Task => Find, in the records below, the line that contains "Momyknows Blue Off" and the line that contains "Tại LungLinh Decor". Copy those two lines and everything between them exactly, but not the pictures.
[Exercise data — start]
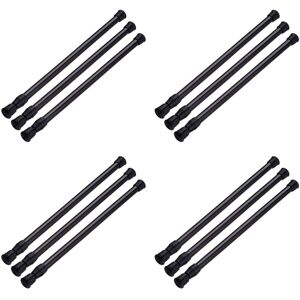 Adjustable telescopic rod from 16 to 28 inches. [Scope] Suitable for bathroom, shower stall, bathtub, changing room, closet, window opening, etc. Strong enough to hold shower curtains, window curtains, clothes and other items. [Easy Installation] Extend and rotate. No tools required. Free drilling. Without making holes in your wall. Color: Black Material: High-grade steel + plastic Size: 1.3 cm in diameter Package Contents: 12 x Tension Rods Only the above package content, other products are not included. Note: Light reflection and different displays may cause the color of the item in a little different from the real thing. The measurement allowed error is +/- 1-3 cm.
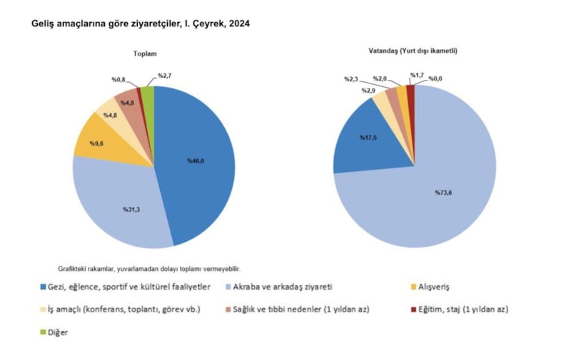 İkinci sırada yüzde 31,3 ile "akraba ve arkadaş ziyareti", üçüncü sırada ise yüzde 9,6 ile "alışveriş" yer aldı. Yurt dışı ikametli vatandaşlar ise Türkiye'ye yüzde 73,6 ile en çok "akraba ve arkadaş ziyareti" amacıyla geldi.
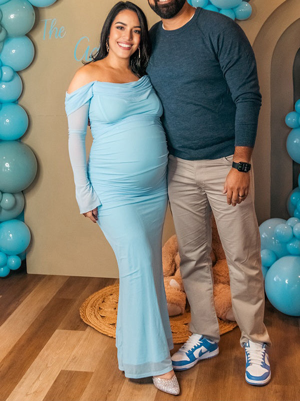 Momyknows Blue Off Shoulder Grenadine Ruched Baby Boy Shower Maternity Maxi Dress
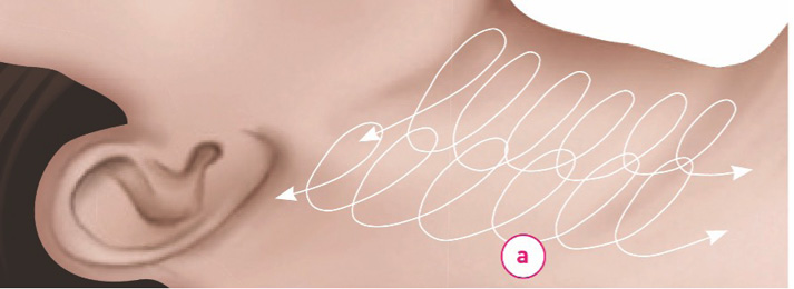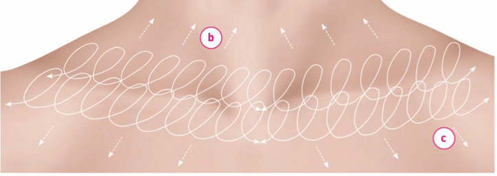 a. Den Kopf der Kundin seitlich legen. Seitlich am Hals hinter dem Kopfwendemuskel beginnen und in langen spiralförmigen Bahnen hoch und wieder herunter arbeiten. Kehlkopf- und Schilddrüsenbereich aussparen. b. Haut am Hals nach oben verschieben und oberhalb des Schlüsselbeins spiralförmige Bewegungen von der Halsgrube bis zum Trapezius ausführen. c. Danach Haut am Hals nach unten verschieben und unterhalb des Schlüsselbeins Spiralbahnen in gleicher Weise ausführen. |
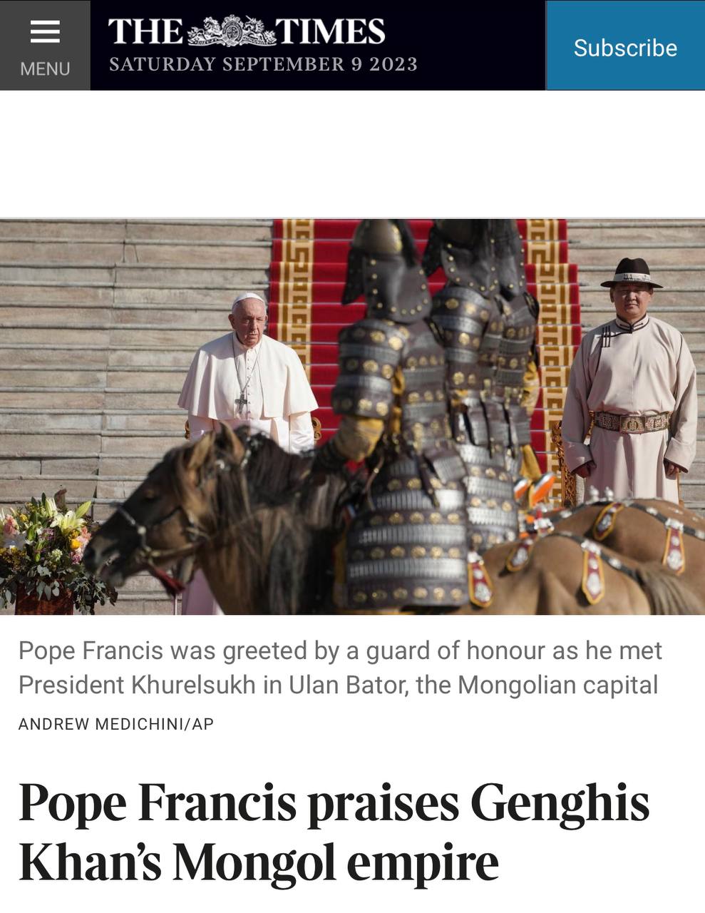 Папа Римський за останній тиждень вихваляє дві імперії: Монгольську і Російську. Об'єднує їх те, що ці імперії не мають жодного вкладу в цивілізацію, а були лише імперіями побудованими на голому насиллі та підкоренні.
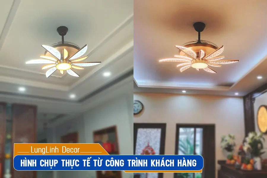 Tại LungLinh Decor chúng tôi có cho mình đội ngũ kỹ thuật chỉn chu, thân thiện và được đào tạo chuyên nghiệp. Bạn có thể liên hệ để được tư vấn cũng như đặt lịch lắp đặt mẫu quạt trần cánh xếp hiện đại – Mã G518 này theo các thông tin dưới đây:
[Exercise data — finish]
[Exercise data — start]
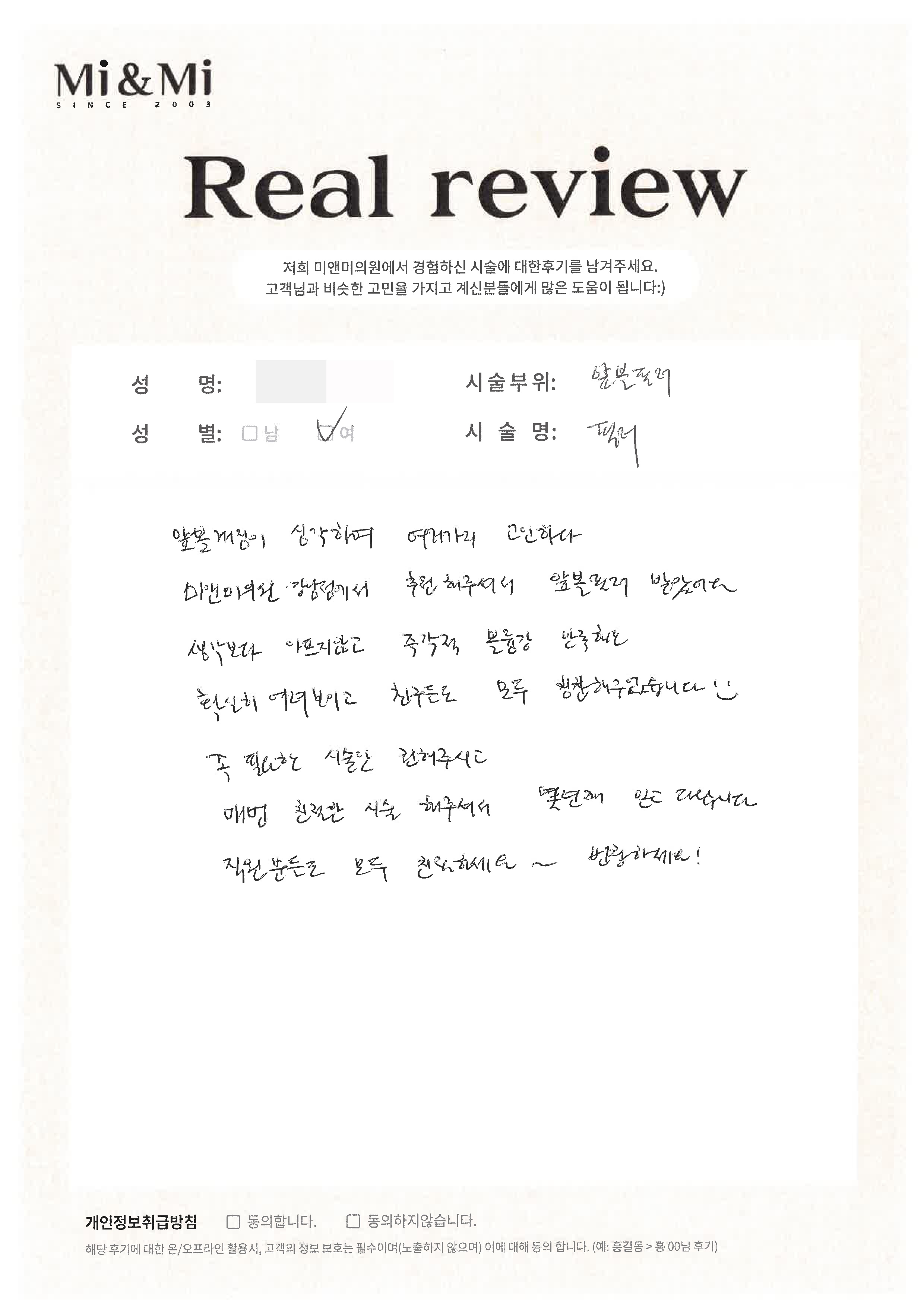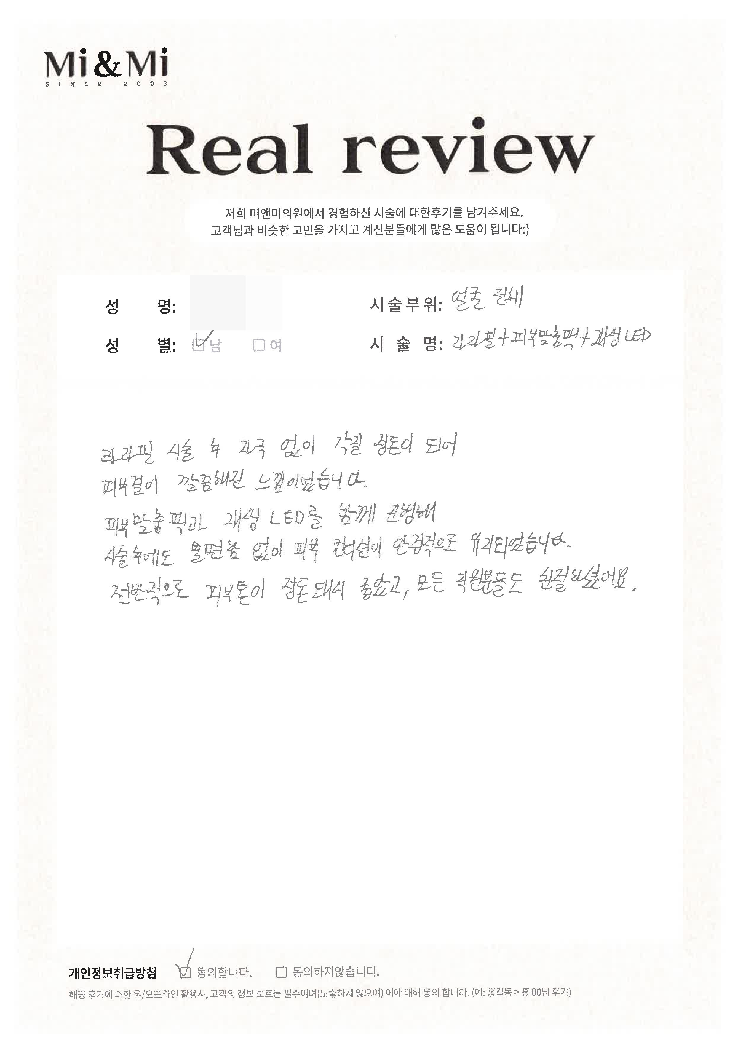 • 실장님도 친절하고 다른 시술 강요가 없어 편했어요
[Exercise data — finish]
[Exercise data — start]
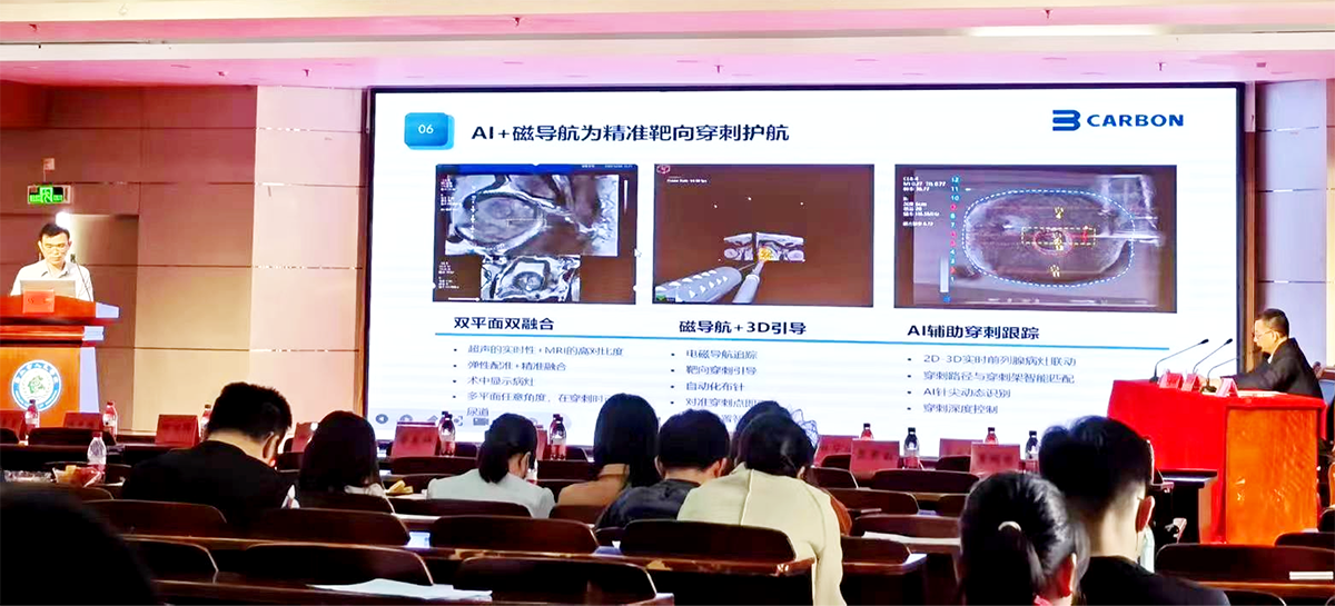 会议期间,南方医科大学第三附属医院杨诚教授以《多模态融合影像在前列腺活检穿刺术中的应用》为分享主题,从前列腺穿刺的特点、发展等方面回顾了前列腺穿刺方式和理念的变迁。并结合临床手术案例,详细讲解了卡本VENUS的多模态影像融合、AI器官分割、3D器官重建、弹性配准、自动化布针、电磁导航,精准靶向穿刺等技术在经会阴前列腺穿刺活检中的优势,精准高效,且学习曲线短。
[Exercise data — finish]
The answer =>
 Momyknows Blue Off Shoulder Grenadine Ruched Baby Boy Shower Maternity Maxi Dress
 a. Den Kopf der Kundin seitlich legen. Seitlich am Hals hinter dem Kopfwendemuskel beginnen und in langen spiralförmigen Bahnen hoch und wieder herunter arbeiten. Kehlkopf- und Schilddrüsenbereich aussparen. b. Haut am Hals nach oben verschieben und oberhalb des Schlüsselbeins spiralförmige Bewegungen von der Halsgrube bis zum Trapezius ausführen. c. Danach Haut am Hals nach unten verschieben und unterhalb des Schlüsselbeins Spiralbahnen in gleicher Weise ausführen. |
 Папа Римський за останній тиждень вихваляє дві імперії: Монгольську і Російську. Об'єднує їх те, що ці імперії не мають жодного вкладу в цивілізацію, а були лише імперіями побудованими на голому насиллі та підкоренні.
 Tại LungLinh Decor chúng tôi có cho mình đội ngũ kỹ thuật chỉn chu, thân thiện và được đào tạo chuyên nghiệp. Bạn có thể liên hệ để được tư vấn cũng như đặt lịch lắp đặt mẫu quạt trần cánh xếp hiện đại – Mã G518 này theo các thông tin dưới đây:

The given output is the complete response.